North Korean association football player (born 1987)

Kim Song-yong, also known as Kimu Sonyon (キム ソンヨン) is a former professional footballer who played as a striker. Born in Japan, he represented the North Korea at international level.

==Club career==
Kim made his professional debut for Kyoto Sanga FC on 4 April 2009, coming on as a late substitute in a J1 League match against the Kashima Antlers. He scored his first professional goal against Albirex Niigata on 22 August 2009, ensuring his club emerged as the winners of the match. On 16 January 2013, it was announced that Kim Seng-Yong would be signing with Nakhon Ratchasima of Thailand. On 25 November 2013, Kim signed for I-league debutant Rangdajied United for the remainder of the season. Kim signed for Royal Wahingdoh for the 2014-15 I-League season, where he appeared 19 times and scored 5 times, helping his side finish a remarkable 3rd in the league.

===Bengaluru FC===
On 3 June 2015, Kim signed for Bengaluru FC on a 1-year deal.

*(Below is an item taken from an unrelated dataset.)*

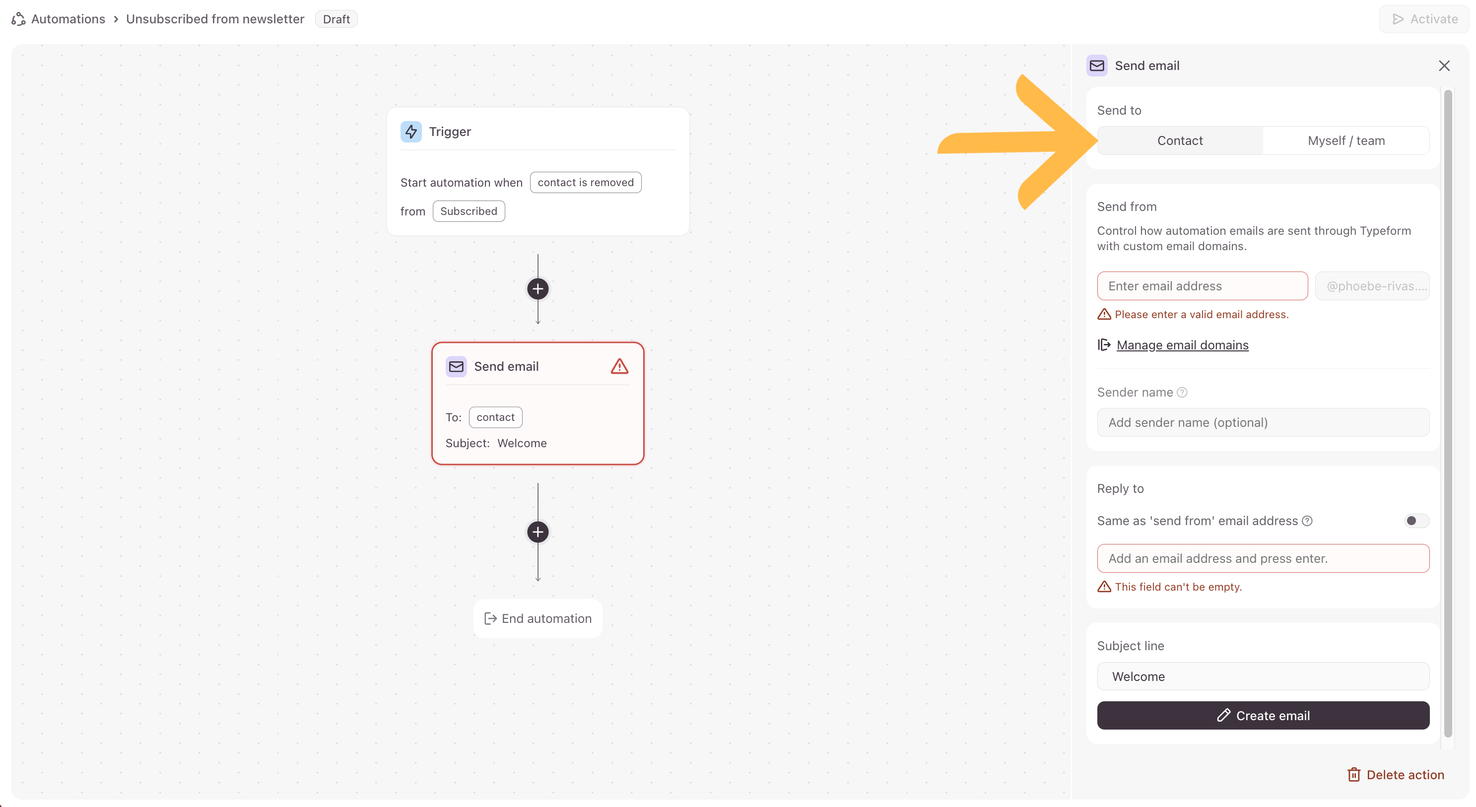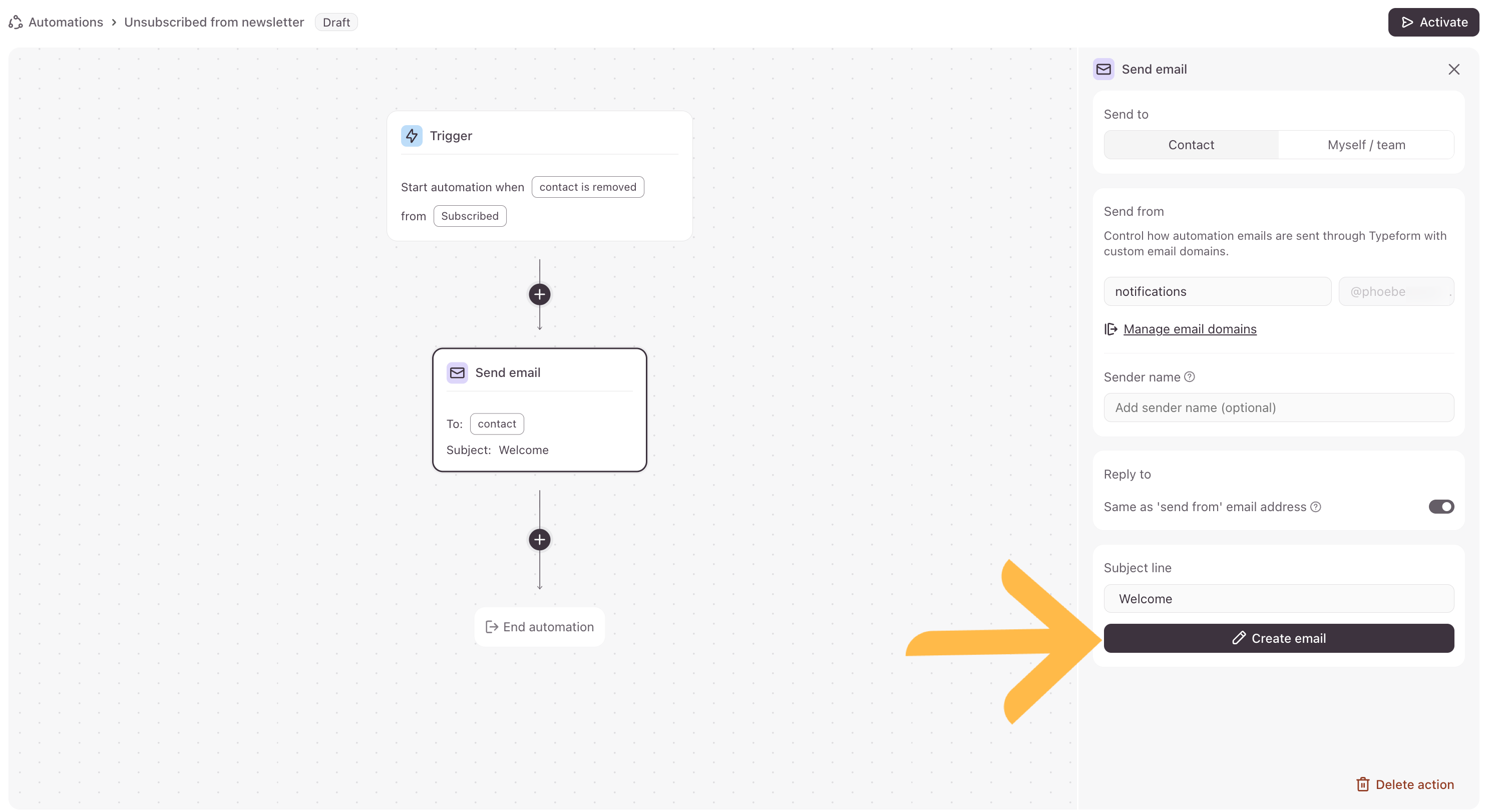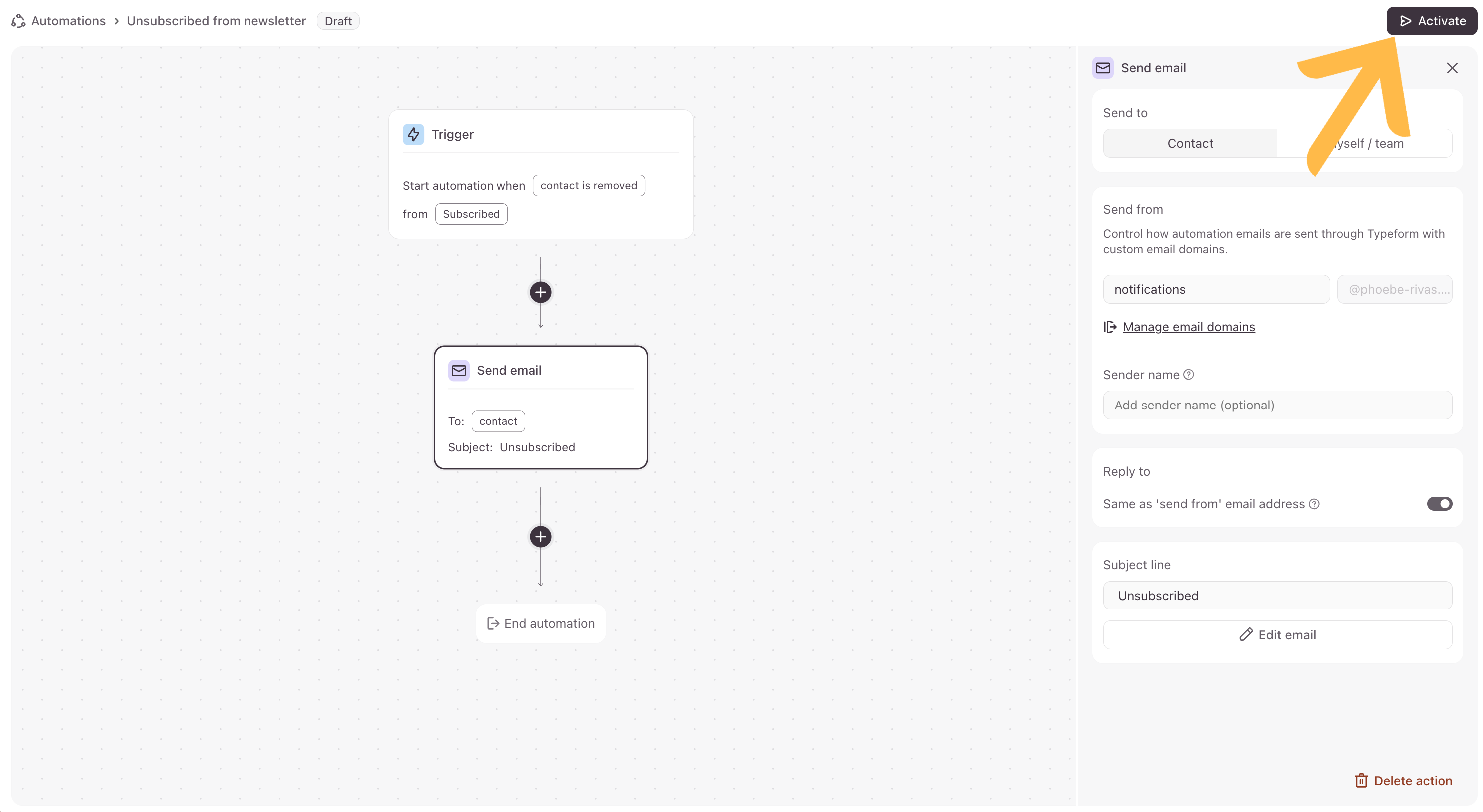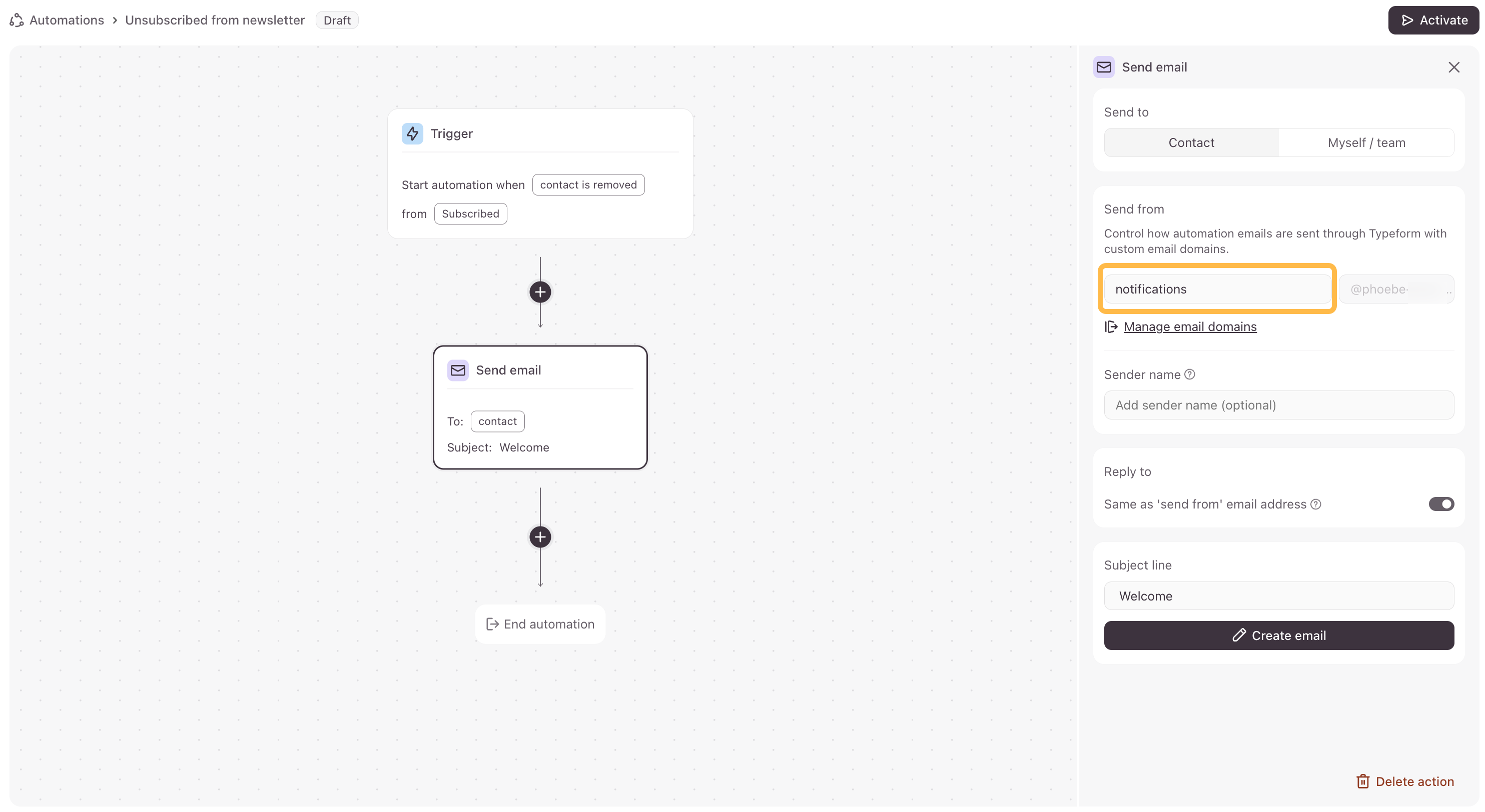 Note! Emails sent from automations will need to be sent from a custom email domain. Check out this article for instructions on how to set up a custom email domain in your Typeform account.

On 24 January Kim scored his first goal for Bengaluru by scoring a brace against Shillong Lajong.

===DSK Shivajians===
In August 2016, Kim signed for another Pune based franchise club DSK Shivajians for a one-year deal. He scored four goals in thirteen appearances as the team finished on seventh position.

==International career==
Kim was named as one of the North Korean squad for the 2010 AFC Challenge Cup. He made a full international debut for North Korea on February 19, 2010, in the 2010 AFC Challenge Cup against Kyrgyzstan at Sugathadasa Stadium in Colombo. He also played in a friendly match against South Africa in April 2010, prior to the 2010 FIFA World Cup.

==Personal life==
Born and raised in Japan, it was his family connections and pride that made up his mind to choose North Korea, after his ancestors, like many during the time of World War II, chose to stay behind in Japan following the war and came to be known as Zainichi Korean. His father, Kim Kwang-Ho, was the first Zainichi Korean footballer to be called up for the senior Korea DPR national football team.